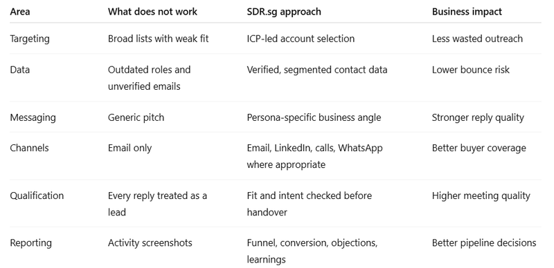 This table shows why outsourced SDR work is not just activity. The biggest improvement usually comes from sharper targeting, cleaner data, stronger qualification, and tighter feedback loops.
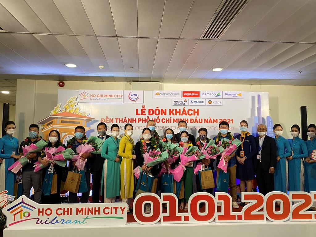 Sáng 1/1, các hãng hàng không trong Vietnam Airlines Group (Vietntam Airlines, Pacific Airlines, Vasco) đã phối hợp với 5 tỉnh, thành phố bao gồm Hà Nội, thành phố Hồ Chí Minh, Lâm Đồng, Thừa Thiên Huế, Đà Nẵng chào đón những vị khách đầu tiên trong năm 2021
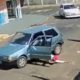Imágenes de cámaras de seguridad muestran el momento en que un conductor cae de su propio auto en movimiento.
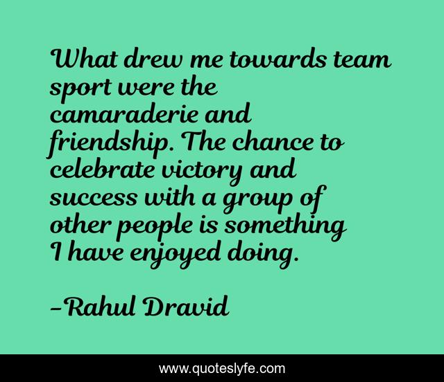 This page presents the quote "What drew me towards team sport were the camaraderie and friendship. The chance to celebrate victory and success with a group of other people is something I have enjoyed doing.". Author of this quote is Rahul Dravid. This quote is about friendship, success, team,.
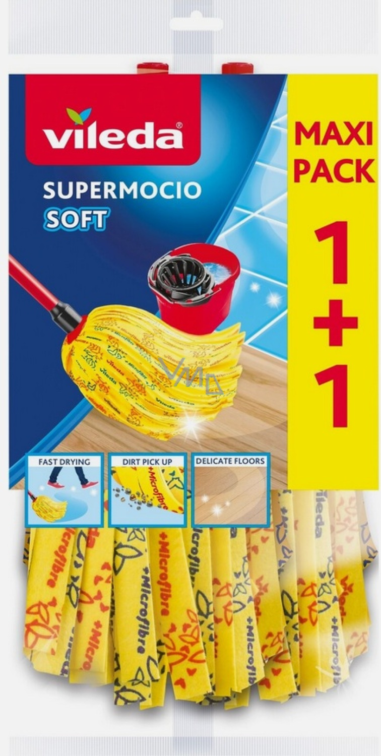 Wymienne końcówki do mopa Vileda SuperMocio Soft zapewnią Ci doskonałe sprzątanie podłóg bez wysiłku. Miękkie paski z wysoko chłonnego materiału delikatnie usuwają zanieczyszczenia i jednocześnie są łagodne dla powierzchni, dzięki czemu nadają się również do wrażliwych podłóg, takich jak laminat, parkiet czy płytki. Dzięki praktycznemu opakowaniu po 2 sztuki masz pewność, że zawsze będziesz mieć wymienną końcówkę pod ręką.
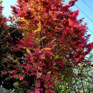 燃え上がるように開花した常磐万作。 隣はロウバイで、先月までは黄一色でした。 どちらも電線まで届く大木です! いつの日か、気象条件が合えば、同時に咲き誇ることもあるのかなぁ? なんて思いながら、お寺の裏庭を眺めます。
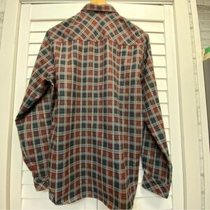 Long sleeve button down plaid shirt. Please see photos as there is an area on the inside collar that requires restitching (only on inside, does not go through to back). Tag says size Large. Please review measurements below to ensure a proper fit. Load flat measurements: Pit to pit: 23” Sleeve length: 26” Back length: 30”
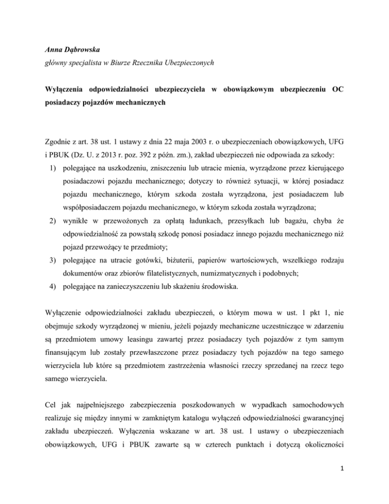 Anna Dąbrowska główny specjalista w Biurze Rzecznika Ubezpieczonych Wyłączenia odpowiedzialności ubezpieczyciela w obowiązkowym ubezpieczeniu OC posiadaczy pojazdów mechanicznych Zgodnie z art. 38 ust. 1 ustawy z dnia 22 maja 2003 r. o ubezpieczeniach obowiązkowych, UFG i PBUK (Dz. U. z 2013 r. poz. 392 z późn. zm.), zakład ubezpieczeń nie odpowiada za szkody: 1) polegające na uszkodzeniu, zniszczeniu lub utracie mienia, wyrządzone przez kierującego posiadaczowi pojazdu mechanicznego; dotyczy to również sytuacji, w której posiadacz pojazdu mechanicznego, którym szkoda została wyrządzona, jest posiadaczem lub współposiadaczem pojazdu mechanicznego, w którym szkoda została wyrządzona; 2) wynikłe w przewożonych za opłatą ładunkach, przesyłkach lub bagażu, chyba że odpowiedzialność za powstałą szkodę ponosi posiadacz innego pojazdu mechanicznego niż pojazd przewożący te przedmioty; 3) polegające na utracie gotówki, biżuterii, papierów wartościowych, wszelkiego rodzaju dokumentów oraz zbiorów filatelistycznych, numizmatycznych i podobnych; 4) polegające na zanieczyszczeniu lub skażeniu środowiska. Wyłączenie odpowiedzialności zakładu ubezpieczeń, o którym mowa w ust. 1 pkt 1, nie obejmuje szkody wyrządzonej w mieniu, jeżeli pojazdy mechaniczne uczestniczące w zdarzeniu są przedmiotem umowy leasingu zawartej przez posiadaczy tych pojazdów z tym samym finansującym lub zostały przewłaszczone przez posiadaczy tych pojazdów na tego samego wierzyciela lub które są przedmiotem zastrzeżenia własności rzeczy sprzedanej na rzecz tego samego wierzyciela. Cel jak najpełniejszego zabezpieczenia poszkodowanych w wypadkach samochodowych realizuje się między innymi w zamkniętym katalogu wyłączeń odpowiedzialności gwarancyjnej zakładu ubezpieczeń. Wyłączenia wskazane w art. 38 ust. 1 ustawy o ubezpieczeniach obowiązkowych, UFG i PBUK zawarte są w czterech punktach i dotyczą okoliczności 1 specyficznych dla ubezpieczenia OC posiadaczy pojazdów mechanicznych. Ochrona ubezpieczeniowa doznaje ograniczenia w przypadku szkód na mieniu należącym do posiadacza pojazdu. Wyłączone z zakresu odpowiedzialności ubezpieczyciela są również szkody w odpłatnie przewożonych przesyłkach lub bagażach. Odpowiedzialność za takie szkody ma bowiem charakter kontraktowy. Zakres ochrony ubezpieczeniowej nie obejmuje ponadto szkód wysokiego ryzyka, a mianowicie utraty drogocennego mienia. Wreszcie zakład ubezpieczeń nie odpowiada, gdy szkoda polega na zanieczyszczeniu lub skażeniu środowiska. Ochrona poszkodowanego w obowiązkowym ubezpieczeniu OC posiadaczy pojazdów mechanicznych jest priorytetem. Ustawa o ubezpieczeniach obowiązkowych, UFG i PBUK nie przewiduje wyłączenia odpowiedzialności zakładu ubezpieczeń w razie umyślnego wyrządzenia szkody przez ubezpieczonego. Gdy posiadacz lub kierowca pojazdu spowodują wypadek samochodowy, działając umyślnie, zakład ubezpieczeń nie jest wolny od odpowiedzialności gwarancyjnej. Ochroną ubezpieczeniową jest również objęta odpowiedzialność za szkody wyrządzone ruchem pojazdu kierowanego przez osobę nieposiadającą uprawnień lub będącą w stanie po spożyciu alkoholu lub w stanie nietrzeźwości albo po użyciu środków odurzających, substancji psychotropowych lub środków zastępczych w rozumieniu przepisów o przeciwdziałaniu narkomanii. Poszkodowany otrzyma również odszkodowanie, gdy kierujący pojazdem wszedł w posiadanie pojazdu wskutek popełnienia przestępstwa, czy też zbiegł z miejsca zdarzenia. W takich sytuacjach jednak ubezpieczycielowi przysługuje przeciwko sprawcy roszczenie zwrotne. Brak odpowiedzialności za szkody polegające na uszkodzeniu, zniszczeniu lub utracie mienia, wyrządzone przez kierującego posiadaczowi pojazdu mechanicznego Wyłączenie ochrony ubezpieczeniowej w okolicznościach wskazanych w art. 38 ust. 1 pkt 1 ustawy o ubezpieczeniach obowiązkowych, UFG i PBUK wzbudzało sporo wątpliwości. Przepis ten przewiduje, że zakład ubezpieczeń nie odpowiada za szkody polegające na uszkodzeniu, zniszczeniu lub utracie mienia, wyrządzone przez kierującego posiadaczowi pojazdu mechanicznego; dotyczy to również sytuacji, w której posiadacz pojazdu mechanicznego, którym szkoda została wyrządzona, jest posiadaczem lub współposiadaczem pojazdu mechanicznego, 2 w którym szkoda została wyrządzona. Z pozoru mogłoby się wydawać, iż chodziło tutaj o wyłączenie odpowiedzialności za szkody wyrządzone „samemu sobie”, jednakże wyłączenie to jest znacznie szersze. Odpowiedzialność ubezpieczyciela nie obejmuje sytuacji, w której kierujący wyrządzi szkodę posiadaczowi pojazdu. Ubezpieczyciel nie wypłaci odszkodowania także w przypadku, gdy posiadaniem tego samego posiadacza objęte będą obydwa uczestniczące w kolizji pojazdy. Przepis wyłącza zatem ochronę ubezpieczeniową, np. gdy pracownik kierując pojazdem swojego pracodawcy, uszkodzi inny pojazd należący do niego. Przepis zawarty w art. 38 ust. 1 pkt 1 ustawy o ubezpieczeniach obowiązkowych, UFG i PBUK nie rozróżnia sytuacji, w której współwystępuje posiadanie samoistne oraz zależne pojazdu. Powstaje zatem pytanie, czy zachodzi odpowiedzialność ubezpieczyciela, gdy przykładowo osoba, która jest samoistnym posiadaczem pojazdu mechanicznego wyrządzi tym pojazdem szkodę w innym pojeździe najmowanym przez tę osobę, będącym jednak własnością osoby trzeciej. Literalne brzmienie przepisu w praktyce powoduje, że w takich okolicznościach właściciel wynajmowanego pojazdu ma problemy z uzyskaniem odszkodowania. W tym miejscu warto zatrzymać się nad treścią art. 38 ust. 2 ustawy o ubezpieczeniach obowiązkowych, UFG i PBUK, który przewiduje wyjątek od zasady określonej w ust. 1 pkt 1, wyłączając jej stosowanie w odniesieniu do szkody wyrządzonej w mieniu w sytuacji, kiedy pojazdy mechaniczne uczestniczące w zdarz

* * *

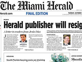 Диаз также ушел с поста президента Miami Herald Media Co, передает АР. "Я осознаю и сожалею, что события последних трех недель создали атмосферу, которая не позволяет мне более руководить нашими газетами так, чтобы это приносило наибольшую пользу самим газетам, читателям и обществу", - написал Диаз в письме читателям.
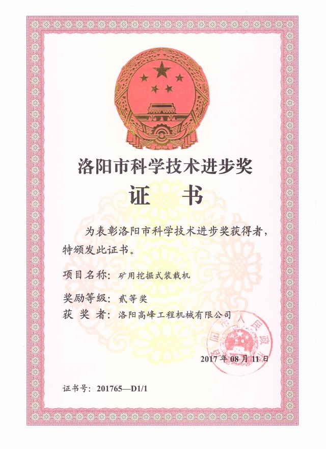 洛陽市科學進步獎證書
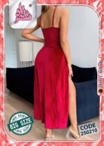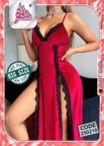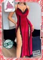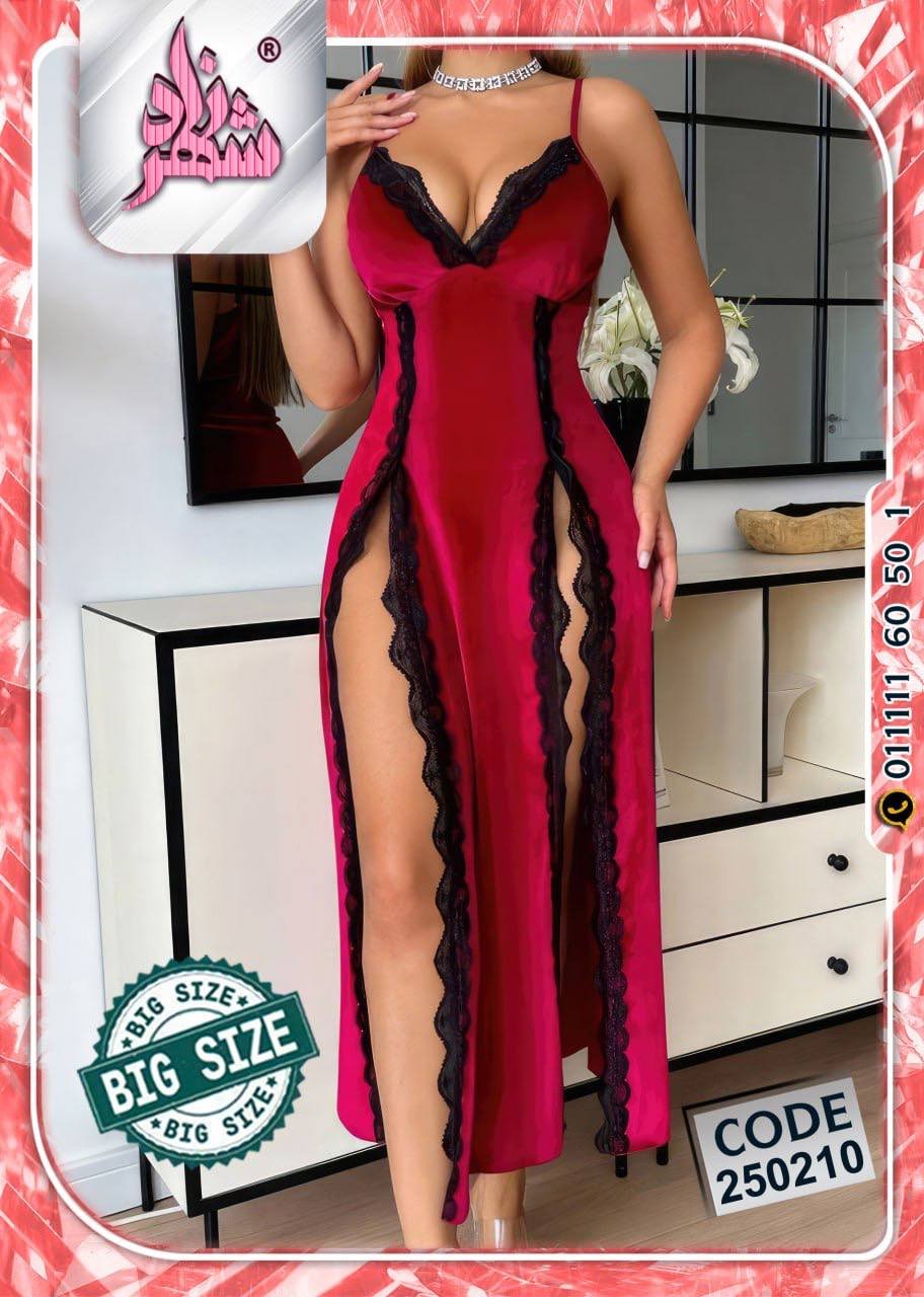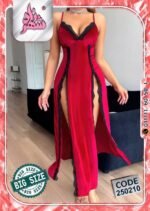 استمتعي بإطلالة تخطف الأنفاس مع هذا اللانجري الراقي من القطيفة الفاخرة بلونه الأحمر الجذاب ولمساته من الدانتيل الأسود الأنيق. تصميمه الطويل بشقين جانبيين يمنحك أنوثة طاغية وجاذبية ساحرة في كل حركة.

# TASK REQUIREMENTS:
From the entries above, copy exactly the lines starting at the one with "This table shows" and stopping at the one with "This page presents", keeping both ends. Drop the pictures.

# WORKED SOLUTION:
 This table shows why outsourced SDR work is not just activity. The biggest improvement usually comes from sharper targeting, cleaner data, stronger qualification, and tighter feedback loops.
 Sáng 1/1, các hãng hàng không trong Vietnam Airlines Group (Vietntam Airlines, Pacific Airlines, Vasco) đã phối hợp với 5 tỉnh, thành phố bao gồm Hà Nội, thành phố Hồ Chí Minh, Lâm Đồng, Thừa Thiên Huế, Đà Nẵng chào đón những vị khách đầu tiên trong năm 2021
Imágenes de cámaras de seguridad muestran el momento en que un conductor cae de su propio auto en movimiento.
 This page presents the quote "What drew me towards team sport were the camaraderie and friendship. The chance to celebrate victory and success with a group of other people is something I have enjoyed doing.". Author of this quote is Rahul Dravid. This quote is about friendship, success, team,.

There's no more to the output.